The learning from the channel continued after reopening, preserving external sales participation and brand reach.
Governance, Capital, and Brand Building
The culture emphasizes service, processes, and branding. Calling the customer by name, standardizing the journey, and maintaining clear language created a recognizable signature. The governance of growth includes an opening schedule, field support, and operational rituals for franchisees.
The initial capital was lean and directed towards a scalable MVP, trading variety for efficiency.
The brand grew with discipline: few promises, consistent deliveries, and closely monitored indicators. The cumulative effect is a network with a cohesive identity and replicable execution.
Internationalization: First Stores and Next Steps
International expansion began with two company-owned stores in Florida, in high-traffic centers, and the registration for franchising in the United States.
There are stores planned for the Orlando region and contracts in progress for Paraguay, forming a second front outside of Brazil.
Advancing outside the country requires operational and legal adaptation. The execution is more complex than the theory, but the choice of own assets in the first openings allows adjustments to the playbook before expanding the franchise base in new markets.
Geography and Formats in Brazil
MilkMu is present in different formats: street stores, metros, and shopping malls. In São Paulo, for example, there are units in stations like Vila Sônia and Ana Rosa, as well as high-traffic points in commercial centers and clubs.
The product has become a destination, not just a purchase for gatherings and celebrations at the stores.
This diversification reduces dependence on a single channel and helps balance seasonality. Each format has its own conversion metrics and ticket, allowing portfolio compositions by city and neighborhood without losing the concept’s identity.
Opening Rhythm and Long-Term Goals
The average established pace over recent years has been between 15 and 20 openings per month, with peaks of multiple openings on the same day.
In practice, the recent historical cadence amounts to two stores every three days, with teams dedicated to implementation, training, and operational kickoff.
Future goals combine growth and stabilization of the base, preparing the chain for the level of 1,500 units in Brazil.
The challenge is to sustain NPS, franchisee profitability, and product quality while new locations enter the map.
Challenges and Next Moves
Growing while maintaining standardization, experience, and margin is the axis of risk and success of the model. The chain addresses this with checklists, quality routines, and cultural reinforcement.

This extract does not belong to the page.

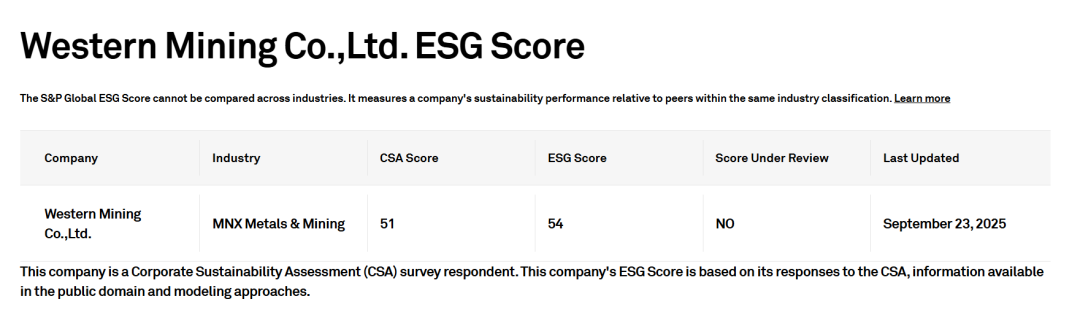 董事會事務部訊? 近日,全球最主要的評級公司標普全球更新ESG評分,西部礦業得分名列前茅,持續升高至54分(CSA Score 51,ESG Score 54),超越全球84%礦業企業。今年4月,公司還憑借在環境、社會及公司治理(ESG)方面的杰出表現成功入選《可持續發展年鑒(中國版)2025》。
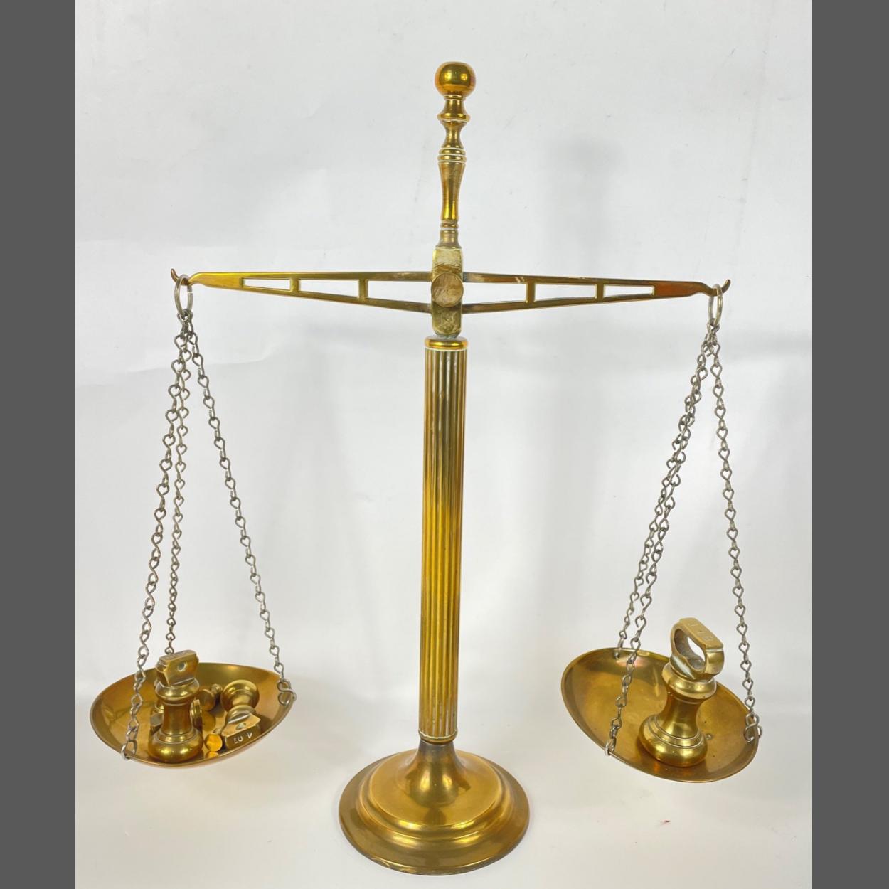 A pair of traditional brass balance weighing scales standing 48cm tall including imperial weights - 0.25oz, 0.50oz, 1oz, 2oz, 4oz, 8oz an 1lb

International expansion adds regulatory and logistical layers, which is why the initial curve outside Brazil favors company-owned stores and gradual implementation.
Next steps include consolidating already opened operations, supporting franchisees, and refining the international playbook.
The thesis remains the same: a unique product, memorable and delivered with operational precision, taking the milkshake from a supporting role to the center of the experience.
In your view, what was the deciding factor for the rise of MilkMu: the radical focus on the single product, delivering during the pandemic, or the discipline of expansion with standardized processes?